### [EXCERPTED RECORDS]
——————————
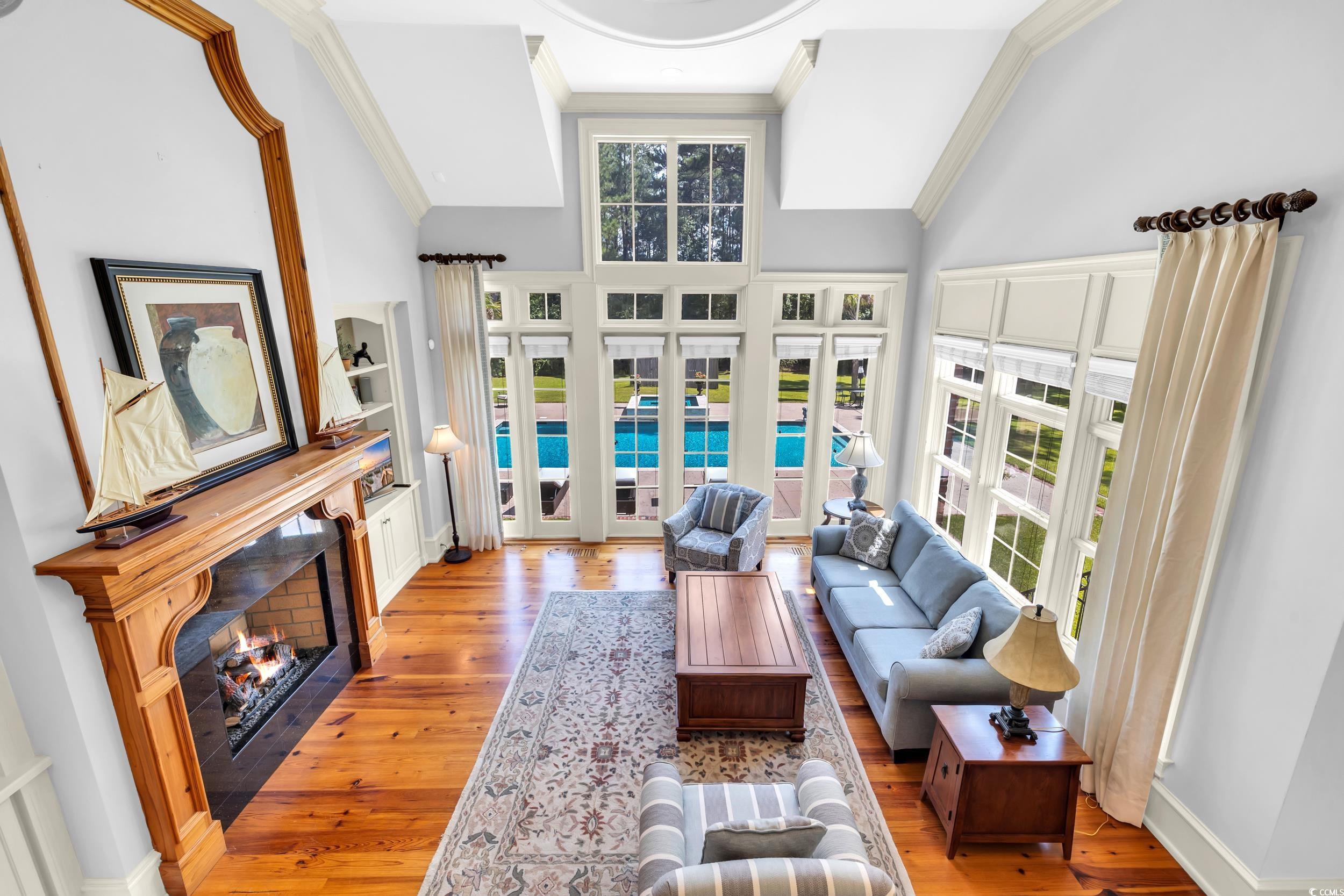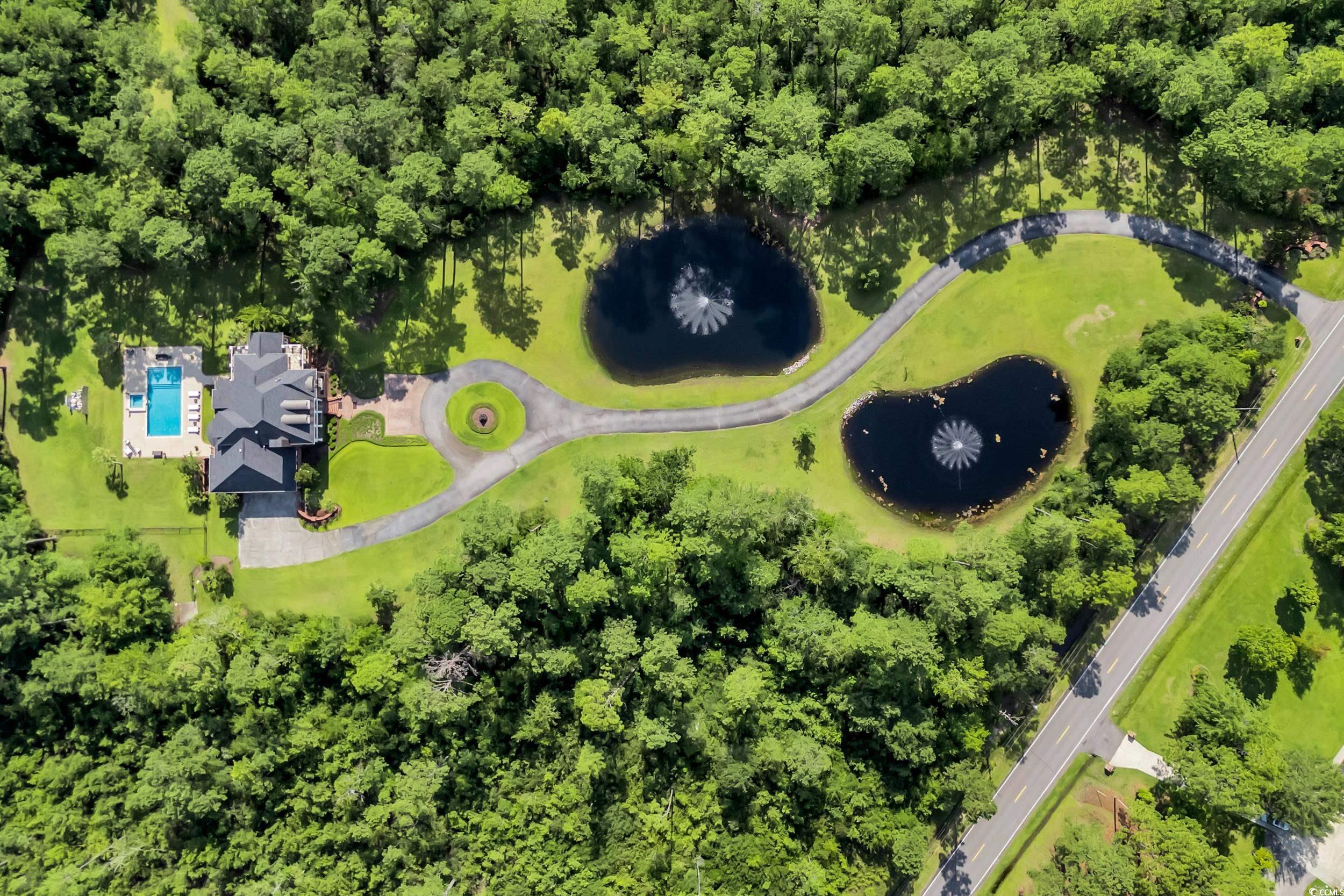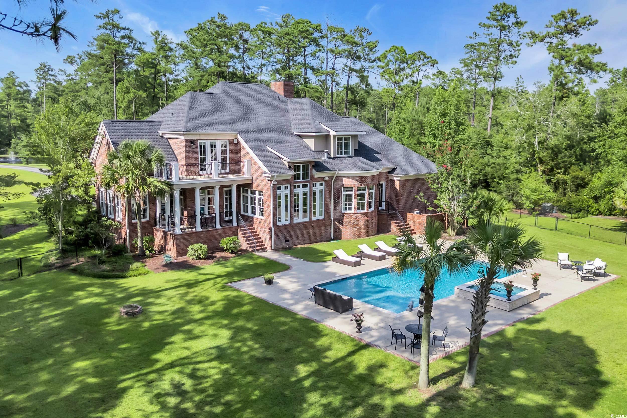 Sprawling home estate on more than 21 acres, only 30 minutes from the beach in Loris, SC. This gorgeous, 4 bedroom, 4 ½ bathroom, brick custom home was built in 2007 with top-of-the-line craftsmanship and materials. Tremendous curb appeal as you enter through the wrought iron gates and brick entrance passing by the two stocked ponds with fountains in both. Surrounded by woods with lots of privacy and ample lawn space. Large, heated saltwater pool with tanning ledge, hot tub, and waterfall with open patio area with lots of space to entertain, gorgeous landscaping, asphalt drive and circle driveway with large brick paver parking area. The exterior of the home consists of brick walls, decorative columns, stucco accents and 7 expansive tiled balconies with wrought iron railings and gas lanterns on front porches. There is private side access to the 3-car garage, well-kept grounds, and a fenced in yard. Beautiful brick steps lead to the custom wooden entry door. It continues inside with so much attention to detail with custom accents, wood flooring, custom tile, soaring upgraded ceilings throughout with tray/co?ered/wood, every door is custom made for its space, high end windows and doors, formal dining room, sunroom with brick wall and wood ceiling, large living room with huge windows overlooking backyard and pool, propane fireplaces in living room and o?ce with a gorgeous wood hearth, built-in bookshelves, beautiful molding everywhere, wide baseboards, extra-large crown molding, extensive window/door casings, rounded sheetrock corners, interior brick accents, separate o?ce with double doors and built-in wood shelves, custom window treatments, granite countertops throughout, tile backsplash, custom cabinetry with high end appliances, Sub-Zero refrigerator, Wolf gas stove, double ovens, pot filler, range hood, in-cabinet freezers, ice maker, walk in pantry, huge chandelier at foyer with push button lowering for cleaning, large primary suite with access to backyard, sitting area, nice primary bathroom, walk-in tiled shower with multiple shower heads, double sinks, jetted tub, huge primary closet with custom shelving, uplighting in tray ceiling, wood steps with multiple access points with nice spindles going upstairs, large secondary bedrooms with walk in closets, laundry room with cabinets and a sink, fully encapsulated extra-large crawlspace with so much available storage space. This exquisite property has it all with so much detail inside and out!
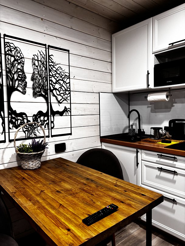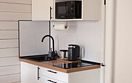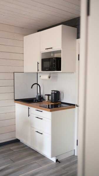 - мини-кухня со всем необходимым (микроволновка, холодильник, варочная панель, посуда);
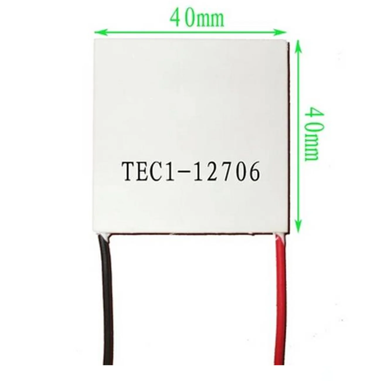 | TEC1-12706 | 40*40*3.75mm | 2.1 ~ 2.4 Ohm | Tmax (Qc = 0) au-dessus de 59 ℃ | 4.3-4,6A | 12V (Vmax: 15V courant de démarrage 5.8A) | 55W | -55℃ ~ 83℃ |
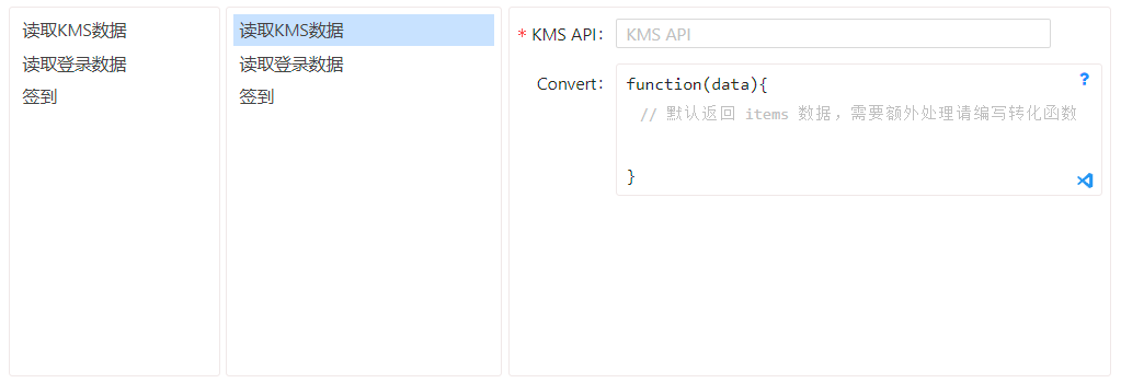 [{ label, value }...]格式数据,任何错误都会被忽略; - 如果使用的是 KMS DSI 的数据,请使用
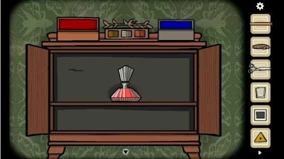 3、开启左边的盒子,从中获取「钥匙」。将旁边盒子上的方块挪动至正确位置,接着打开这个盒子,得到「照片碎片」。点击镜子并穿上大衣,待女人出现后,走到门口。
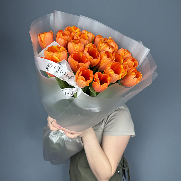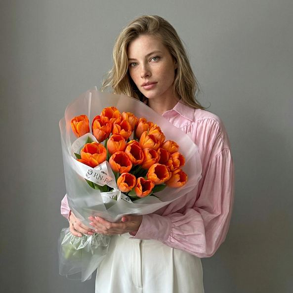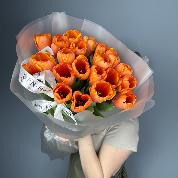 Этот изысканный букет из ярких оранжевых тюльпанов — настоящий взрыв энергии и тепла, словно застывший волшебный закат. Каждый лепесток, с его насыщенным солнечным оттенком и идеально гладкой текстурой, дарит ощущение жизненной силы, а плотная композиция создает объем, который завораживает с первого взгляда. Упакованный в современную серо-белую кальку с атласной лентой «RN-Flow», букет выглядит лаконично и стильно, идеально дополняя как романтический образ, так и торжественное мероприятие.
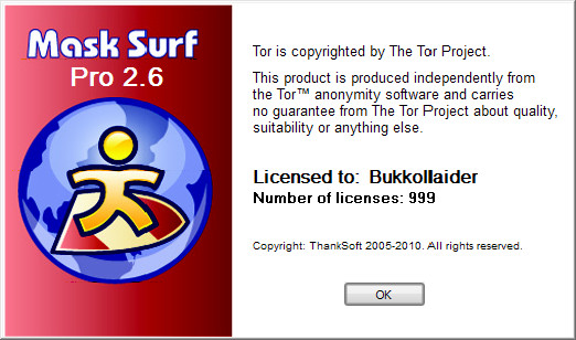 Mask Surf Pro - это простая в использовании программа для анонимного серфинга, основанная на технологии The Onion Router (Tor). Mask Surf Pro использует в своей работе сеть распределенных серверов Tor, призванных обеспечить анонимный обмен информацией в Интернет, тем самым предоставляя бескомпромиссный уровень защиты вашей информации. Это идеальное решение для опытных пользователей, которые желают контролировать все аспекты своей анонимности в сети Интернет.
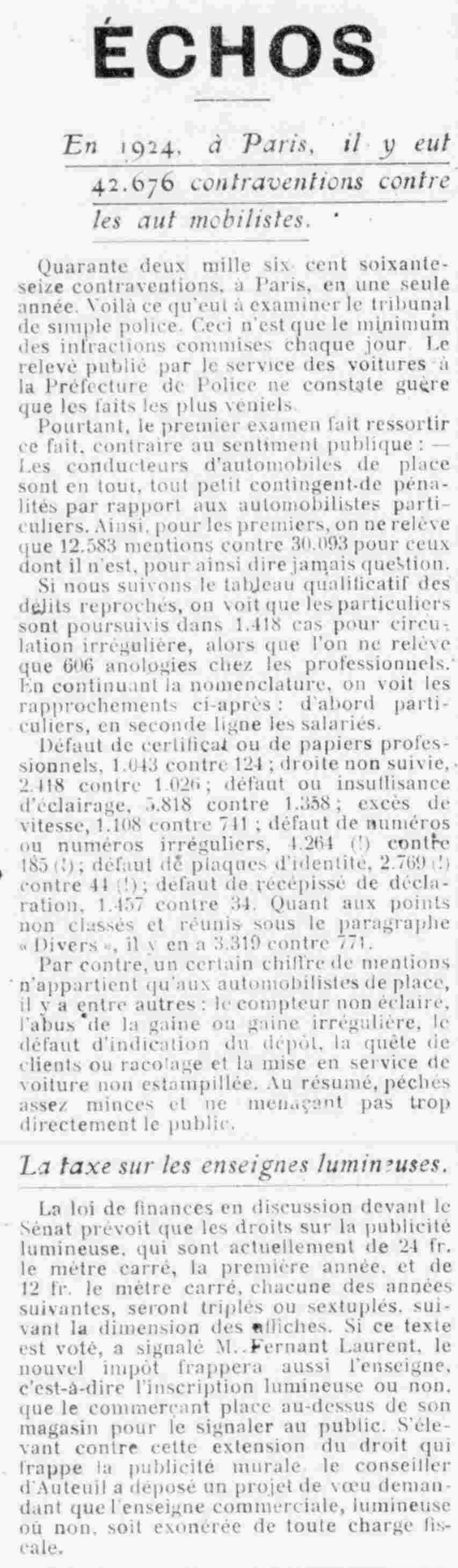 En 1924, à Paris, il y eut 42.676 contraventions contre les automobilistes. Quarante deux mille six cent soixante-seize contraventions, à Paris, en une seule année. Voilà ce qu'eut à examiner le tribunal de simple police. Ceci n'est que le minimum des infractions commises chaque jour. Le relevé publié par le service des voitures à la Préfecture de Police ne constate guère que les faits les plus véniels Pourtant, le premier examen fait ressortir ce fait, contraire au sentiment public: - Les conducteurs d'automobiles de place sont en tour, tout petit contingent-de pénalités par rapport aux automobilistes particuliers. Ainsi, pour les premiers, on ne relève que 12.583 mentions contre 30.093 pour ceux dont il n'est, pour ainsi dire jamais question. Si nous suivons le tableau qualificatif des délits reprochés, on voit que les particuliers sont poursuivis dans 1.418 cas pour circulation irrégulière, alors que l'on ne relève que 606 analogies chez les professionnels. En continuant la nomenclature, on voit les rapprochements ci-après: d'abord particuliers, en seconde ligne les salariés. Défaut de certificat ou de papiers professionnels, 1.043 contre 121; droite non suivie, 2.118 contre 1.026; défaut ou insuffisance d'éclairage, 5.818 contre 1.358; excès de vitesse, 1.108 contre 741; défaut de numéros ou numéros irréguliers, 4.264 contre 185, défaut de plaques d’identité, 2.769 contre 41 (!); défaut de récépissé de déclaration, 1.457 contre 34. Quant aux points non classés et réunis sous le paragraphe « Divers, il y en a 3.319 contre 771. Par contre, un certain chiffre de mentions n'appartient qu'aux automobilistes de place, il y a entre autres: le compteur non éclairé, l'abus de la gaine ou gaine irrégulière, le défaut d'indication du dépôt, la quête de clients ou racolage et la mise en service de voiture non estampillée. Au résumé, péchés assez minces et ne menaçant pas trop directement le public. La taxe sur les enseignes lumineuses. La loi de finances en discussion devant le Sénat prévoit que les droits sur la publicité lumineuse, qui sont actuellement de 24 fr. le mètre carré, la première année, et de 12 fr. le mètre carré, chacune des années suivantes, seront triplés ou sextuplés, suivant la dimension des affiches. Si ce texte est voté, a signalé M. Fernand Laurent, le nouvel impôt frappera aussi l'enseigne, c'est-à-dire l'inscription, lumineuse ou non, que le commerçant place au-dessus de son magasin pour le signaler au public. S'élevant contre cette extension du droit qui frappe la publicité murale le conseiller d'Auteuil a déposé un projet de vœu demandant que l'enseigne commerciale, lumineuse où non, soit exonérée de toute charge fiscale. |
——————————
### [TASK DETAILS]
The expected output is the full material above, unaltered, with pictures removed.

### [WRITTEN RESPONSE]
 Sprawling home estate on more than 21 acres, only 30 minutes from the beach in Loris, SC. This gorgeous, 4 bedroom, 4 ½ bathroom, brick custom home was built in 2007 with top-of-the-line craftsmanship and materials. Tremendous curb appeal as you enter through the wrought iron gates and brick entrance passing by the two stocked ponds with fountains in both. Surrounded by woods with lots of privacy and ample lawn space. Large, heated saltwater pool with tanning ledge, hot tub, and waterfall with open patio area with lots of space to entertain, gorgeous landscaping, asphalt drive and circle driveway with large brick paver parking area. The exterior of the home consists of brick walls, decorative columns, stucco accents and 7 expansive tiled balconies with wrought iron railings and gas lanterns on front porches. There is private side access to the 3-car garage, well-kept grounds, and a fenced in yard. Beautiful brick steps lead to the custom wooden entry door. It continues inside with so much attention to detail with custom accents, wood flooring, custom tile, soaring upgraded ceilings throughout with tray/co?ered/wood, every door is custom made for its space, high end windows and doors, formal dining room, sunroom with brick wall and wood ceiling, large living room with huge windows overlooking backyard and pool, propane fireplaces in living room and o?ce with a gorgeous wood hearth, built-in bookshelves, beautiful molding everywhere, wide baseboards, extra-large crown molding, extensive window/door casings, rounded sheetrock corners, interior brick accents, separate o?ce with double doors and built-in wood shelves, custom window treatments, granite countertops throughout, tile backsplash, custom cabinetry with high end appliances, Sub-Zero refrigerator, Wolf gas stove, double ovens, pot filler, range hood, in-cabinet freezers, ice maker, walk in pantry, huge chandelier at foyer with push button lowering for cleaning, large primary suite with access to backyard, sitting area, nice primary bathroom, walk-in tiled shower with multiple shower heads, double sinks, jetted tub, huge primary closet with custom shelving, uplighting in tray ceiling, wood steps with multiple access points with nice spindles going upstairs, large secondary bedrooms with walk in closets, laundry room with cabinets and a sink, fully encapsulated extra-large crawlspace with so much available storage space. This exquisite property has it all with so much detail inside and out!
 - мини-кухня со всем необходимым (микроволновка, холодильник, варочная панель, посуда);
 | TEC1-12706 | 40*40*3.75mm | 2.1 ~ 2.4 Ohm | Tmax (Qc = 0) au-dessus de 59 ℃ | 4.3-4,6A | 12V (Vmax: 15V courant de démarrage 5.8A) | 55W | -55℃ ~ 83℃ |
 [{ label, value }...]格式数据,任何错误都会被忽略; - 如果使用的是 KMS DSI 的数据,请使用
 3、开启左边的盒子,从中获取「钥匙」。将旁边盒子上的方块挪动至正确位置,接着打开这个盒子,得到「照片碎片」。点击镜子并穿上大衣,待女人出现后,走到门口。
 Этот изысканный букет из ярких оранжевых тюльпанов — настоящий взрыв энергии и тепла, словно застывший волшебный закат. Каждый лепесток, с его насыщенным солнечным оттенком и идеально гладкой текстурой, дарит ощущение жизненной силы, а плотная композиция создает объем, который завораживает с первого взгляда. Упакованный в современную серо-белую кальку с атласной лентой «RN-Flow», букет выглядит лаконично и стильно, идеально дополняя как романтический образ, так и торжественное мероприятие.
 Mask Surf Pro - это простая в использовании программа для анонимного серфинга, основанная на технологии The Onion Router (Tor). Mask Surf Pro использует в своей работе сеть распределенных серверов Tor, призванных обеспечить анонимный обмен информацией в Интернет, тем самым предоставляя бескомпромиссный уровень защиты вашей информации. Это идеальное решение для опытных пользователей, которые желают контролировать все аспекты своей анонимности в сети Интернет.
 En 1924, à Paris, il y eut 42.676 contraventions contre les automobilistes. Quarante deux mille six cent soixante-seize contraventions, à Paris, en une seule année. Voilà ce qu'eut à examiner le tribunal de simple police. Ceci n'est que le minimum des infractions commises chaque jour. Le relevé publié par le service des voitures à la Préfecture de Police ne constate guère que les faits les plus véniels Pourtant, le premier examen fait ressortir ce fait, contraire au sentiment public: - Les conducteurs d'automobiles de place sont en tour, tout petit contingent-de pénalités par rapport aux automobilistes particuliers. Ainsi, pour les premiers, on ne relève que 12.583 mentions contre 30.093 pour ceux dont il n'est, pour ainsi dire jamais question. Si nous suivons le tableau qualificatif des délits reprochés, on voit que les particuliers sont poursuivis dans 1.418 cas pour circulation irrégulière, alors que l'on ne relève que 606 analogies chez les professionnels. En continuant la nomenclature, on voit les rapprochements ci-après: d'abord particuliers, en seconde ligne les salariés. Défaut de certificat ou de papiers professionnels, 1.043 contre 121; droite non suivie, 2.118 contre 1.026; défaut ou insuffisance d'éclairage, 5.818 contre 1.358; excès de vitesse, 1.108 contre 741; défaut de numéros ou numéros irréguliers, 4.264 contre 185, défaut de plaques d’identité, 2.769 contre 41 (!); défaut de récépissé de déclaration, 1.457 contre 34. Quant aux points non classés et réunis sous le paragraphe « Divers, il y en a 3.319 contre 771. Par contre, un certain chiffre de mentions n'appartient qu'aux automobilistes de place, il y a entre autres: le compteur non éclairé, l'abus de la gaine ou gaine irrégulière, le défaut d'indication du dépôt, la quête de clients ou racolage et la mise en service de voiture non estampillée. Au résumé, péchés assez minces et ne menaçant pas trop directement le public. La taxe sur les enseignes lumineuses. La loi de finances en discussion devant le Sénat prévoit que les droits sur la publicité lumineuse, qui sont actuellement de 24 fr. le mètre carré, la première année, et de 12 fr. le mètre carré, chacune des années suivantes, seront triplés ou sextuplés, suivant la dimension des affiches. Si ce texte est voté, a signalé M. Fernand Laurent, le nouvel impôt frappera aussi l'enseigne, c'est-à-dire l'inscription, lumineuse ou non, que le commerçant place au-dessus de son magasin pour le signaler au public. S'élevant contre cette extension du droit qui frappe la publicité murale le conseiller d'Auteuil a déposé un projet de vœu demandant que l'enseigne commerciale, lumineuse où non, soit exonérée de toute charge fiscale. |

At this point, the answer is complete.